In 1991, the second Veterans Administration vasodilator trial, V-HeFT II, reported the comparison of combination hydralazine and ISDN and enalapril in 804 men who were predominantly in NYHA class II and III.18 After two years, the mortality in the enalapril group was 18% and in the hydralazine/ISDN group, 25%. Enalapril reduced mortality an additional 28%, which was due almost entirely to the prevention of sudden death in the less severe classes of heart failure (NYHA I and II). The combination of hydralazine and ISDN improved ejection fraction and peak oxygen consumption more than enalapril. The mortality of both groups was more than 40% at four years of treatment. Enalapril conferred a greater survival advantage than hydralazine and ISDN; both regimens delayed but did not prevent death due to heart failure.
Since heart failure is so common and costly, it was postulated by the SOLVD (Studies of Left Ventricular Dysfunction) investigators that even a moderately effective agent might have a large impact on mortality and the rate of hospitalization.
In the first trial, these investigators randomized 2569 symptomatic patients with ejection fraction no higher than 0.35 (NYHA II-III) to enalapril or placebo19 and followed them for a mean of 41 months. The dose ranged from 2.5-20 mg. They found a 16% mortality reduction and 26% reduction in the end point, death or hospitalization. Most of the mortality reduction was due to lack of progression of heart failure. In a second study, the SOLVD investigators randomized 2117 asymptomatic patients with reduced ejection fraction, less than or equal to 0.35, to the same treatments, enalapril or placebo.20 After a mean of 37 months, there was a trend toward mortality reduction for the enalapril group, but it was not significant. Enalapril did reduce the end points, death or development of overt heart failure, by 29% and death or hospitalization for heart failure by 20%.

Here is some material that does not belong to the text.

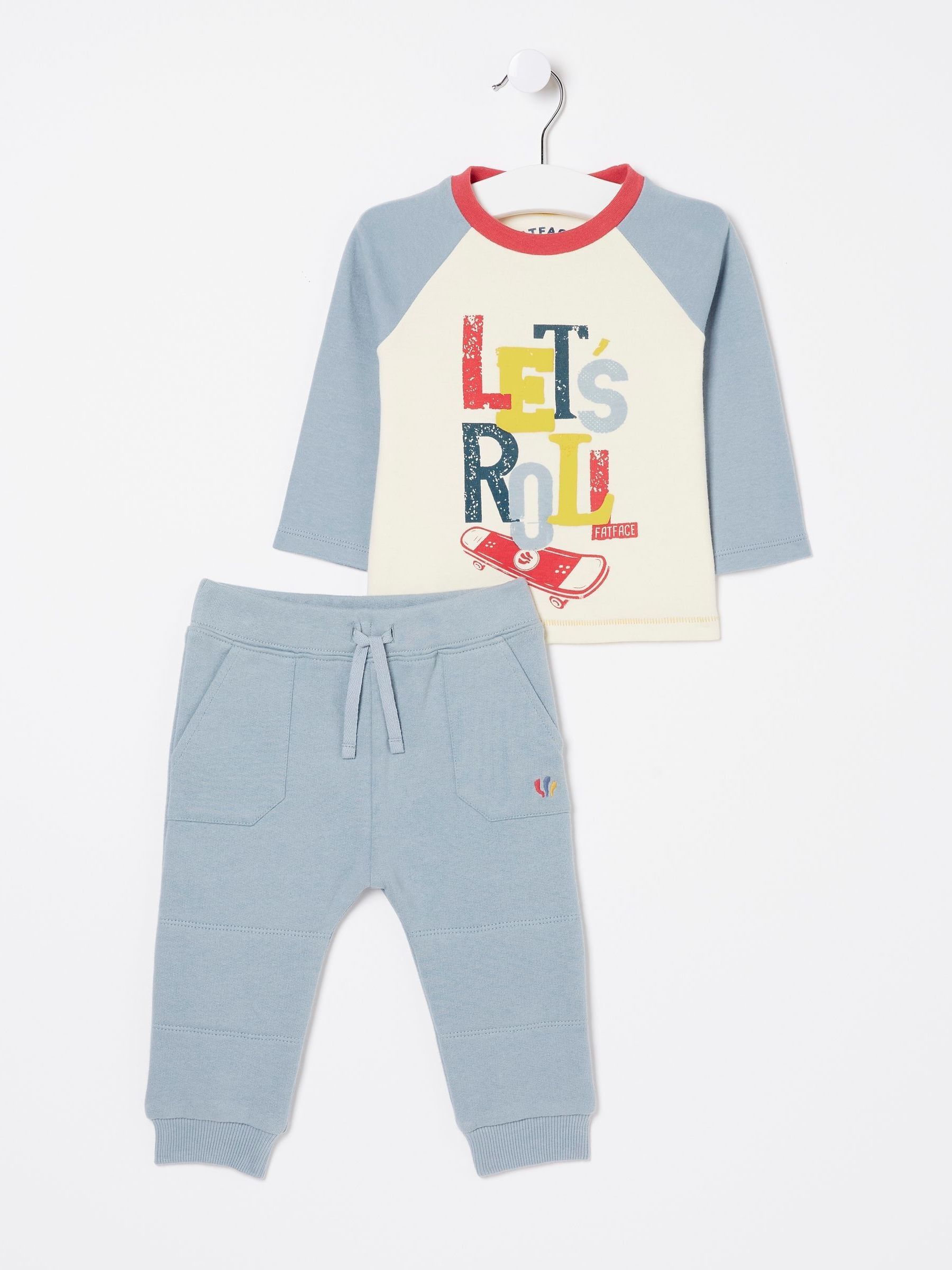 With a bright graphic to add a touch of style and raglan sleeves for a little contrast, the set includes some cosy joggers that feel breathable and soft to the touch.

The most common initial insult leading to CHF is AMI. Since enalapril clearly offered survival benefits and improved left ventricular dysfunction in chronic heart failure, it and other ACEIs may reduce the mortality and impede the adverse effects of remodeling that occurs after myocardial infarction. Several trials confirmed that mortality is decreased when an ACEI is begun as little as three days after myocardial infarction in patients with or without symptoms.21,22 Two "mega trials", GISSI-3 and ISIS-4, have shown that lisinopril and captopril, respectively, started within 24 hours of AMI, will show significant mortality reduction at six weeks.23,24 It is important to note that the mortality benefits seen in all of the above trials were obtained at certain target doses given in Table 4. The mortality benefit of lower doses is uncertain.

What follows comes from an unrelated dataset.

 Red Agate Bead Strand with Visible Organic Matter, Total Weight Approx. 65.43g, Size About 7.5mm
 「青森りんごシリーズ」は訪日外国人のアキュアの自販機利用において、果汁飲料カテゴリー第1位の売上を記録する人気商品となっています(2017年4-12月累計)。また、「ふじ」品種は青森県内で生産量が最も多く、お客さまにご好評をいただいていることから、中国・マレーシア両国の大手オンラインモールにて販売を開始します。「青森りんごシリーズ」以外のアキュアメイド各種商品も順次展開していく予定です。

Initiation of ACEI therapy with the lowest doses provides the greatest safety. Particular caution is needed in the presence of hyponatremia that suggests a highly stimulated renin-angiotensin system that is a poor prognostic sign in heart failure.25
In a recent study of 6800 patients, enalapril and other ACEIs demonstrated similar rates of adverse reaction.26 Adverse reactions included: hypotension (15%), fatigue (6%), cough (5%), azotemia (3.8%), hyperkalemia (1%), and angioedema (0.4%).

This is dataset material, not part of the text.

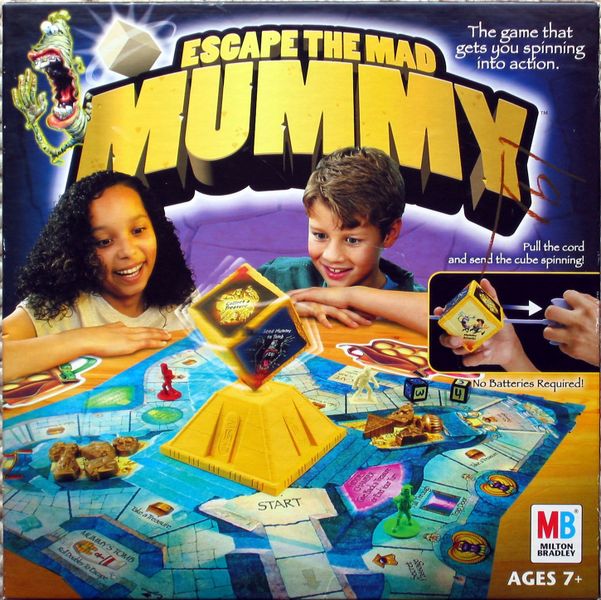 Escape The Mad Mummy is a board game released in 2004 by Milton Bradley. It is designed for 2-4 players, aged 7 and up, and falls under the Adventure and Children’s Game categories. The game involves trying to escape from a mad mummy’s tomb by rolling and spinning dice to move around the board.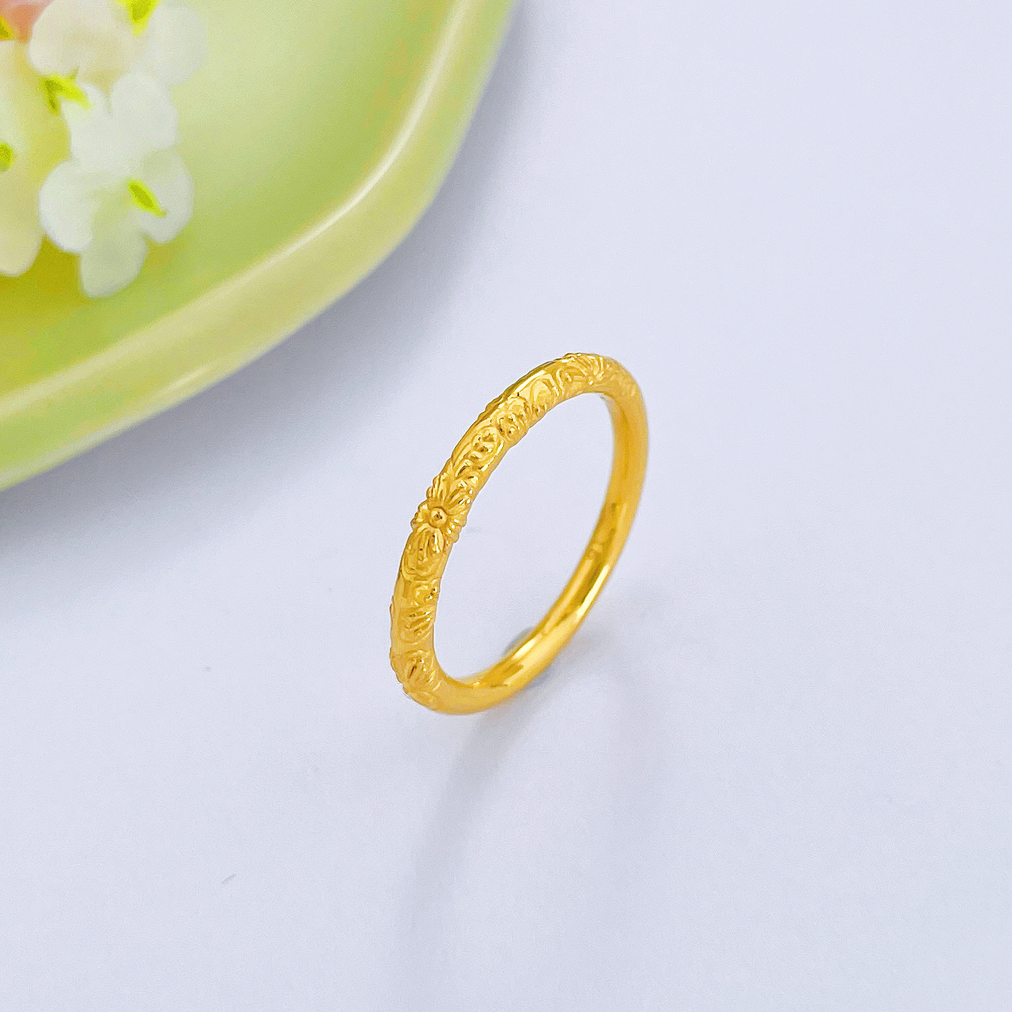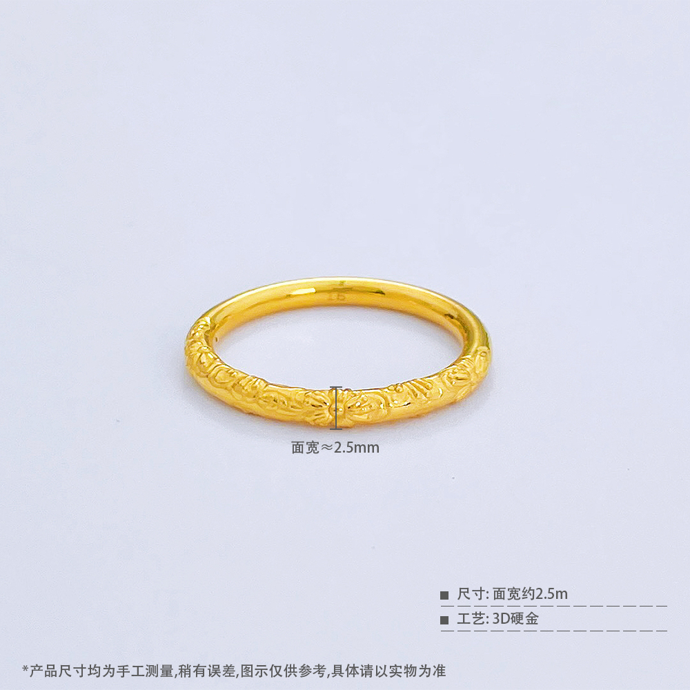 【限时克减150元】足金 3D硬金空心固口紫荆花圈戒樱花圈戒(V3DJZ00003)(预售产品下单后不退款不退货不换货不补差价)

Patients who are hypotensive, hyperkalemic, in renal failure (creatine > 3.0), or who develop cough or angioedema should not receive ACEIs.
Losartan. Recently, the angiotensin receptor site AT1 inhibitor losartan has been introduced as an antihypertensive. ACEIs inhibit the conversion of angiotensin I to angiotensin II. In the process, bradykinin builds up that is associated with cough. Direct inhibition of the receptor site is not associated with bradykinin build-up. This drug is particularly useful in patients who are unable to tolerate ACEIs due to cough.27 Recently, the ELITE (Evaluation of Losartan in the Elderly) study compared losartan to captopril in 722 CHF patients over a 12-month period.28 Losartan had fewer patients discontinue therapy due to adverse reactions (12% vs 21%), lower all-cause mortality (4.8% vs 8.7%, a 46% reduction, P = 0.035) and lower rates of hospital admission for any reason (22% vs 30%). Symptom improvement and admissions for decompensated CHF were similar for the two drugs. These dramatic findings await the confirmation of a larger ELITE trial in progress.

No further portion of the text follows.